No, Dorothy wasn’t in the least surprised to see her Auntie Ethel sitting there, with the inevitable hat skewered to her greying hair. But she was surprised to see her cousin Beryl sitting dead centre of the big chintz-covered chesterfield, the red blazer and skirt of the private school at the bottom of West Road doing less than nothing for her sallow complexion.
‘Seems like you’re both playing truant this morning,’ Ethel said, munching on a Marie biscuit. ‘Beryl’s got a bad period, haven’t you, love? What she goes through every month is nobody’s business, though it was just the same with me at her age. Do you rememer, Phyllis? Worse than labour pains my cramps were.’
Dorothy saw her mother flinch, and accepting a cup of coffee gratefully, wondered, not for the first time, how two sisters could have had the same mother and father, been brought up in the same house, and yet turn out so entirely different? Periods at Appleroyd were things to be endured, never spoken of, a feminine nuisance, along with childbirth, and what her mother called that side of marriage.
‘I well remember the agonies I went through on the day I was confirmed,’ Auntie Ethel was saying. ‘Mother had had our w
hite dresses made at Madge Gardener’s little place round the back of the Emporium, do you remember? Nice little woman who skenned like a basket of whelks, never knew which eye to talk to. Anyway, what was I saying? Oh yes. There I was in that white dress, sure that when I walked up the aisle there’d be a patch . . .’
Phyllis could take no more. She actually put up a hand as if to stop the traffic, and turned to Dorothy. ‘That sounded like Gerald’s car turning round in the drive, dear? What happened to Philips? I wanted him to get the blind down from the attic for the front door. We don’t want the new paint coming up in blisters.’
Dorothy sat down next to Beryl and smiled at her. ‘The car broke down,’ she explained, ‘and Father sent Philips to the garage to see if they could send someone out to it straight away.

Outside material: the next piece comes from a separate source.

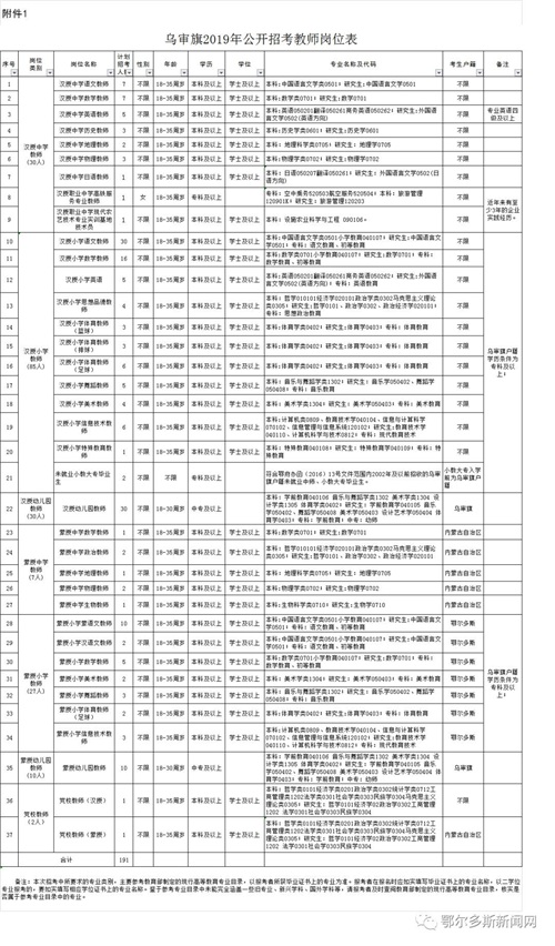 为解决教师紧缺问题,进一步优化教师队伍结构,加快乌审旗教育体育事业发展,2019年拟面向社会公开招考教师191名,其中中小学、幼儿园教师189名,党校教师2名,特发布此公告。

We weren’t far from the mill, so we walked, then Gerald offered to bring me home.’
‘Lovely manners,’ Ethel said, reaching for another biscuit. ‘A public school gives a boy something you can’t get anywhere else. Raymond says it’s because they train them to be leaders. Do you know that, even though he’s been staying with us all this time, he still stands up when I go out of the room? And he won’t touch a thing on his plate till I’ve picked my spoon up – or my fork. Lovely.’
Then, as if suddenly remembering what she’d come for, she turned to Dorothy. ‘I hope it wasn’t too harrowing for you this morning, love, going down Inkerman Street. Your mother told me how you felt you had to go, and I will say this for you, Dorothy, you’ve always stuck by your friends, no matter what they’ve done.’
Dorothy bowed her head. Oh, God, it was awful. They were all sitting there like vultures, waiting to pounce. Waiting for her to tell them something that the papers hadn’t managed to get hold of. Even her mother, sitting there with her knees pressed close together, hoping she wouldn’t say too much, but fascinated just the same. And Auntie Ethel with her round eyes starting from her head like chapel hat pegs, as Grandpa Bolton would have said . . . Why did he keep coming into her mind. Why?